Task -> In the records below, find the line containing "ಕಾಂಗ್ರೆಸ್ ನಾಯಕರಾದ ಮಲ್ಲಿಕಾರ್ಜುನ" and the line containing "Med hjälp av". Give again exactly those lines and every line between them, omitting the pictures.

Material provided ->
Segment Open

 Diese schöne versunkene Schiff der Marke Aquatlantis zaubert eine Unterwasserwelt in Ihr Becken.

Segment Closed
Segment Open

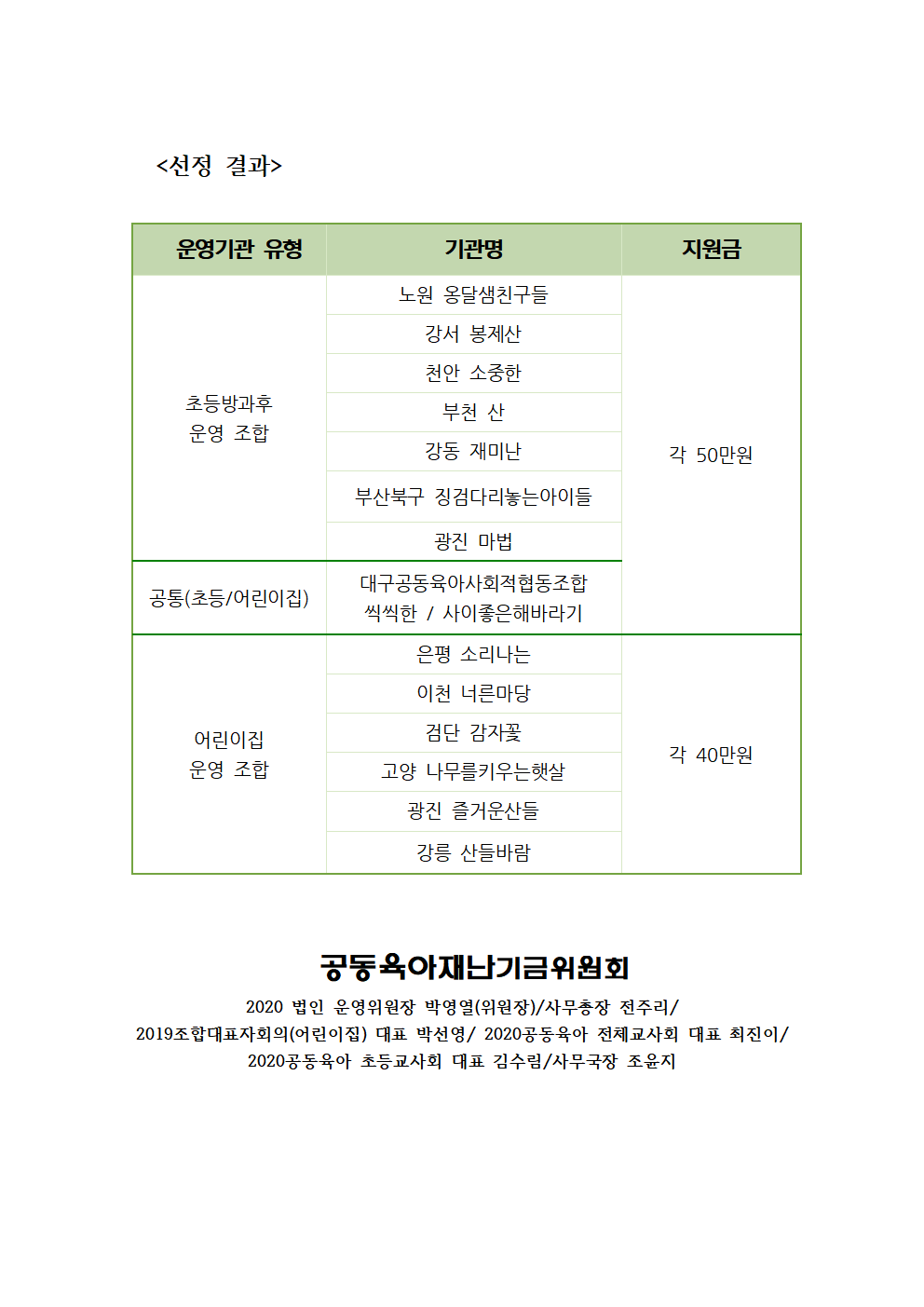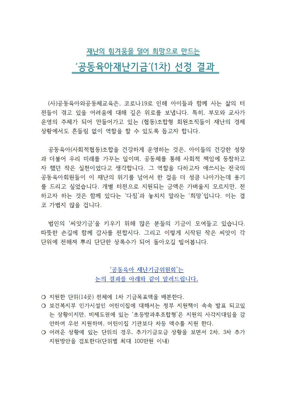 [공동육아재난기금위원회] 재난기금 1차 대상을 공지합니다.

Segment Closed
Segment Open

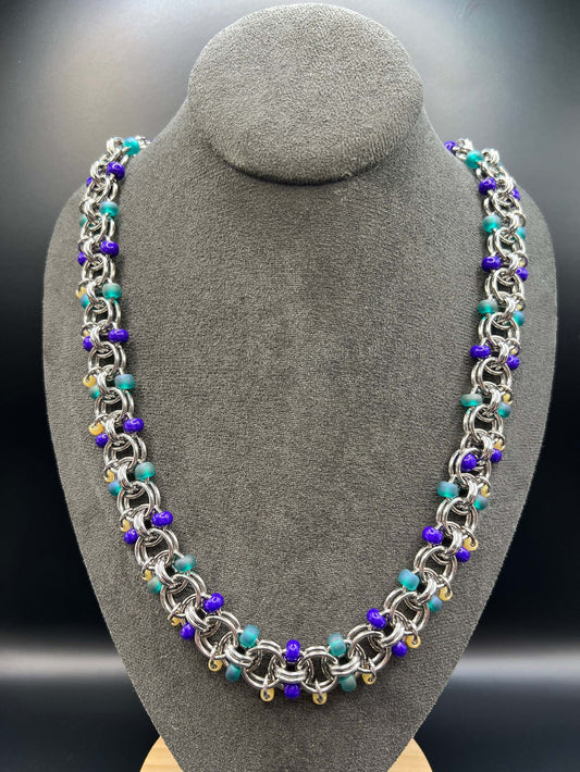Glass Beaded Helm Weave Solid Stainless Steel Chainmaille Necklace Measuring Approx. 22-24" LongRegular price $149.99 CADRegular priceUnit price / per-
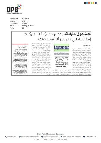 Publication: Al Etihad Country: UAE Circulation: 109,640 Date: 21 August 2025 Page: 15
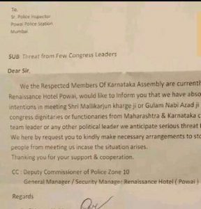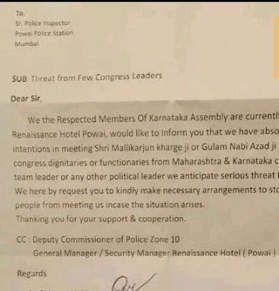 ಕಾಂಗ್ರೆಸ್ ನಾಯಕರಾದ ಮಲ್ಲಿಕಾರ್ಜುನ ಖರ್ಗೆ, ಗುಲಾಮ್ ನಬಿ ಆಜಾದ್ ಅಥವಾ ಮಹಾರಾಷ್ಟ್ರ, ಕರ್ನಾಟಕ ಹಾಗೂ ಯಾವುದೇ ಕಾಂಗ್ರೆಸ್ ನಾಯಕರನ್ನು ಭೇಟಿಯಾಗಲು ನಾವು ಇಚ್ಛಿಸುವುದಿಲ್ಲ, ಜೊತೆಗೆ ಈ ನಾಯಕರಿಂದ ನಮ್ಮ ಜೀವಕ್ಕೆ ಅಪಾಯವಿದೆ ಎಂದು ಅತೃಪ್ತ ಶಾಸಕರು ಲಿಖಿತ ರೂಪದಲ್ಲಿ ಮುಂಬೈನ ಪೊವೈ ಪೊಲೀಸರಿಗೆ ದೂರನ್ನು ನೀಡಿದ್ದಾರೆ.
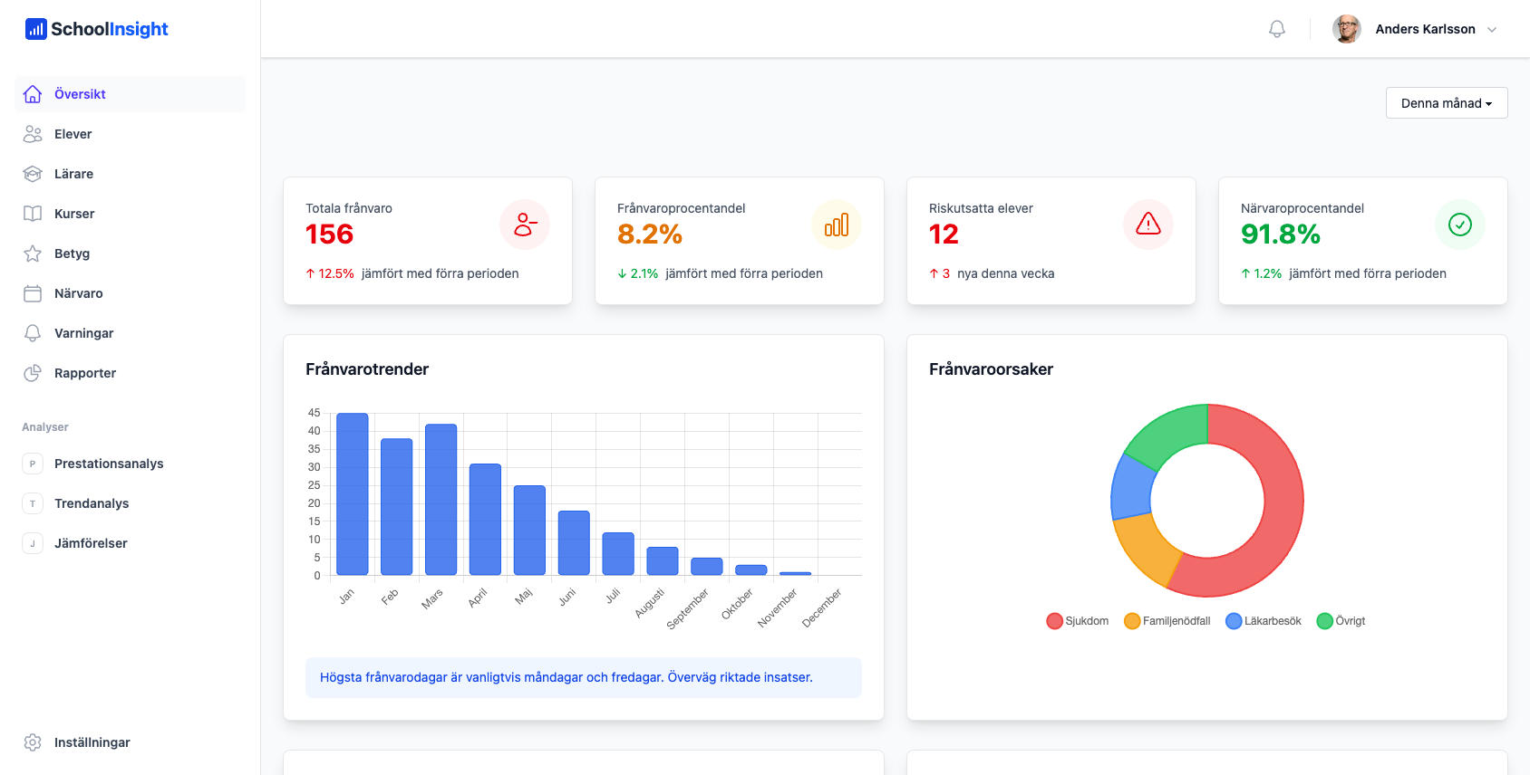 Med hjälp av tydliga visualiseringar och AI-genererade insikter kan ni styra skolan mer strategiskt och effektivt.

Segment Closed

Task result ->
 ಕಾಂಗ್ರೆಸ್ ನಾಯಕರಾದ ಮಲ್ಲಿಕಾರ್ಜುನ ಖರ್ಗೆ, ಗುಲಾಮ್ ನಬಿ ಆಜಾದ್ ಅಥವಾ ಮಹಾರಾಷ್ಟ್ರ, ಕರ್ನಾಟಕ ಹಾಗೂ ಯಾವುದೇ ಕಾಂಗ್ರೆಸ್ ನಾಯಕರನ್ನು ಭೇಟಿಯಾಗಲು ನಾವು ಇಚ್ಛಿಸುವುದಿಲ್ಲ, ಜೊತೆಗೆ ಈ ನಾಯಕರಿಂದ ನಮ್ಮ ಜೀವಕ್ಕೆ ಅಪಾಯವಿದೆ ಎಂದು ಅತೃಪ್ತ ಶಾಸಕರು ಲಿಖಿತ ರೂಪದಲ್ಲಿ ಮುಂಬೈನ ಪೊವೈ ಪೊಲೀಸರಿಗೆ ದೂರನ್ನು ನೀಡಿದ್ದಾರೆ.
 Med hjälp av tydliga visualiseringar och AI-genererade insikter kan ni styra skolan mer strategiskt och effektivt.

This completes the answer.